Die Rennbahn existiert neben dem normalen Leben "Die Rennbahn ist etwas, was neben dem normalen Leben existiert. Neben dem Berufsalltag, neben dem Privatleben", erklärt Lebert. Keiner seiner Freunde gehe dorthin. "Hört sich vielleicht komisch an, aber die Rennbahn ist für mich ein Ort, der nur mir gehört." Und sie ist eine wunderbare Schule: "Man lernt das Verlieren. Und das ist für den Rest des Lebens gar nicht schlecht, wenn man das kann." Zudem habe ein Psychologe herausgefunden, dass Rennbahnbesucher sich seltener umbringen: "Die Hoffnung auf das nächste Rennen. Es gibt immer die Hoffnung auf einen neuen Anfang."

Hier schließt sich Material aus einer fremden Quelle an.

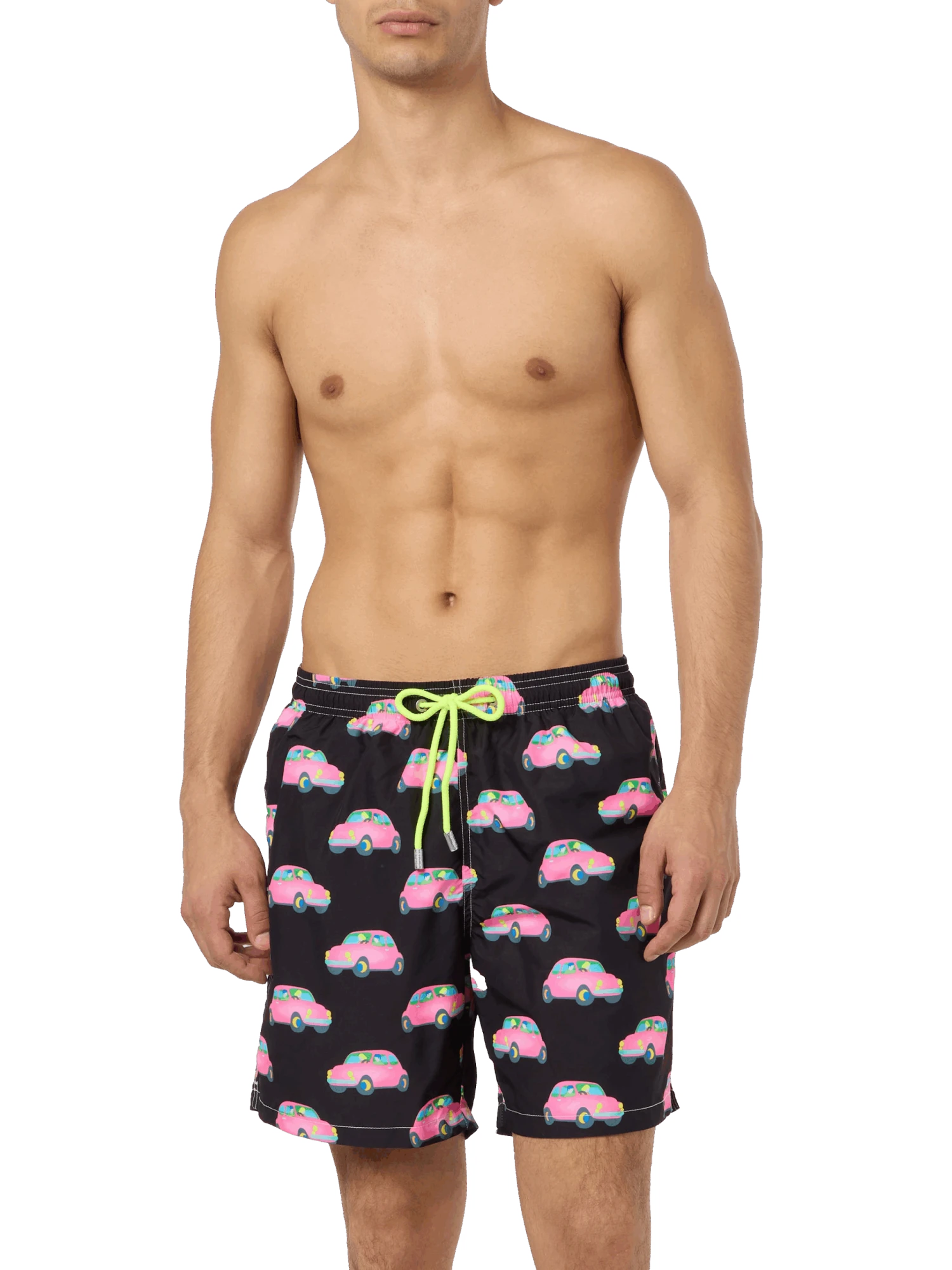 MC2 Saint Barth Man Light Fabric Swim Shorts With Cars Print | MARCO LODOLA SPECIAL EDITION

Unglaubliche Anekdoten aus dem Trabermilieu Harry Nutt, der Feuilletonist, und Lebert, der Reporter, erzählen nicht nur eigene Anekdoten, fast unglaubliche Schnurren aus dem Trabermilieu. Sie zitieren aus Franz Kafkas Parabel "Zum Nachdenken über Herrenreiter", aus Stefan Zweigs Novelle "Vierundzwanzig Stunden aus dem Leben einer Frau" und Dostojewskis "Spieler", um die menschlichen Hintergründe, Abgründe des Spielens und Wettens, die Kategorien von Sieg und Niederlage - auf allen Ebenen des Lebens - anzusprechen. Dabei muss das Siegen am Ende gar nicht immer den Sinn ausmachen. Charles Bukowski gewann beim Zocken einmal 23 Rennen hintereinander, um zu der Erkenntnis zu kommen: "Manchmal denke ich, es gibt Kräfte, die uns für kurze Zeit emporheben, damit wir sehen, wie leer und einsam wir als Sieger dastehen."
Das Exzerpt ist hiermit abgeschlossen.